7.17.2007

Wandering


Ah, yes; this is the reason I moved to Washington.

After reaching a fever pitch of feeling overwhelmed, exhausted, and generally ready to fling myself from the nearest bridge, my sister and I hit the road in her little black Honda.

Our plan was refined over many previous road trips, and went something like this: fill the car with gas, keep an atlas handy, steer in a general direction (this time, east) and follow our interior whims.

This time our whims led us across the dun-brown, empty rumpled hills of Washington wheat country. Dust eddies leapt from the roadsides and basalt buttes marked the landscape with their dignified, columnar shoulders. After less than hour of driving, we were out of cell range, passing through hollow-eyed towns like Starbuck and Washtucna (hell of a mocha to be had in Washtucna, though, at the espresso stand at the corner of 26 and 261).

We followed a paved wildlife road to its terminus in the quickening foothills of the Blue Mountains. Truth be told, we found we had driven five hours to be in a landscape almost indistinguishable from the canyons outside Ellensburg--but still, there was the lingering thrill of the new and untraveled.

We camped in a forest service campground at the base of a towering ridge. In the evening light the grasses at the top of the ridge were golden and gentle as a horse's mane, rippling in a broad wind. The trees creaked and sang.
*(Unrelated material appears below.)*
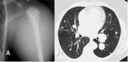 B: TAC axial. Múltiples nódulos pulmonares bien definidos, por enfermedad metastásica.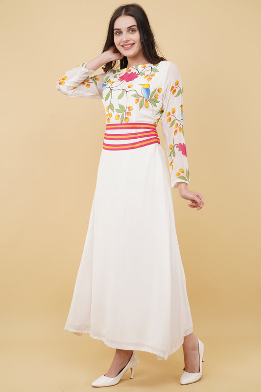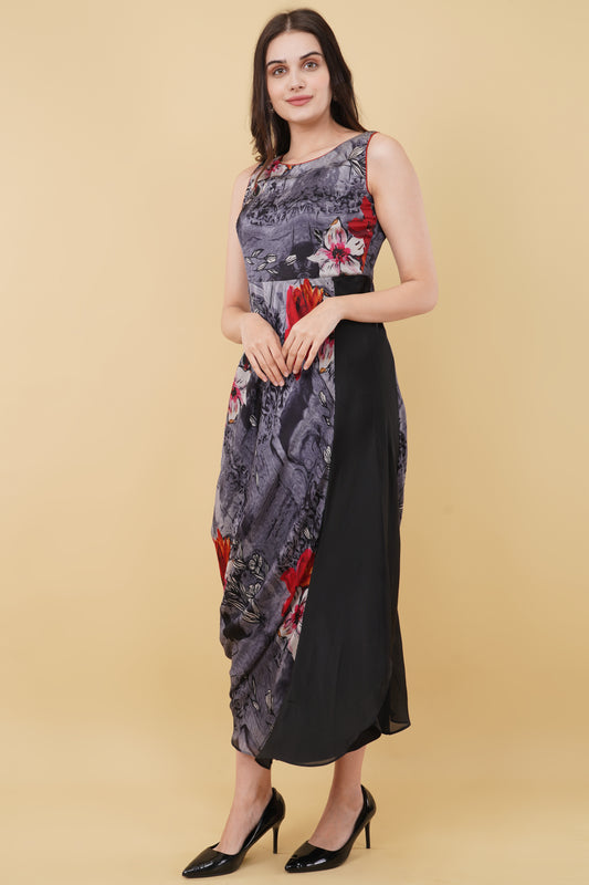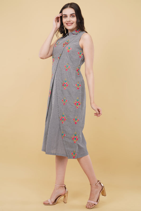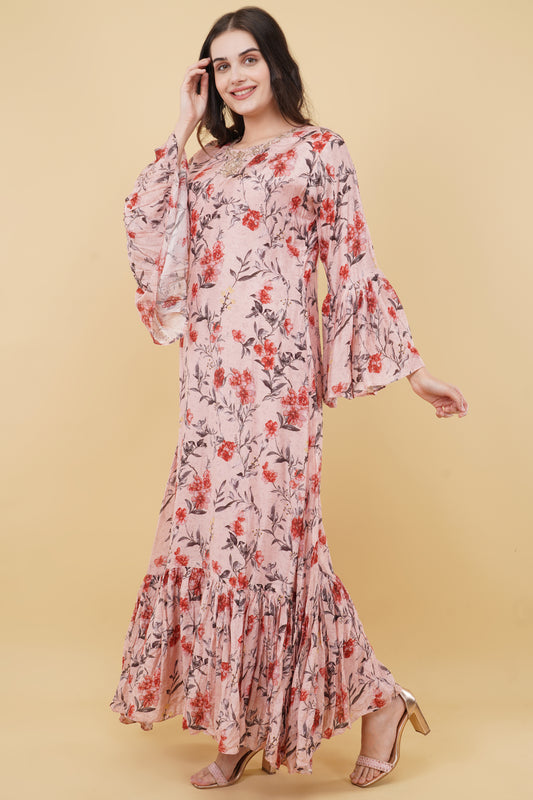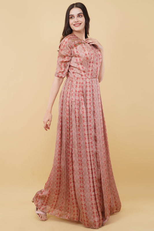 Coral Padded Printed Straight Cut Dress with Embroidered Back

This morning we were rudely awakened by overhead thunder and the first licks of a fresh rainstorm. We just got the tent packed before the rain came flinging down and we drank our morning coffee in the car, listening to raindrops the size of quarters pelting the roof.

Then we meandered back home, unwinding lovely roads past isolated farmsteads and rumbling combines in the distance.

At Saddle Mountain, we crested a ridge, and the road split the distant desert like a seam. It shimmered into the hazy western horizon, a mountain ridge only just visible. It was so uninterrupted it was nearly holy. This is what there is in the west. There is space. And with it, an irreplaceable freedom.

2 comments:

Christie Hinrichs said...

Stunning descriptions here - loved it. Makes me want to hit the road!

buddinggardener said...

Yes, stunning...

That's why I am not sure I could ever truly leave the west. Wild, untamed expanses are too much a part of my being. Without ridgelines to navigate by, I often have the nagging suspicion that I am somehow a little lost. Like I can't quite place myself in the world.

Kentucky's shiny newness still holds me with it's charms. it's just not the Northwest, by any means.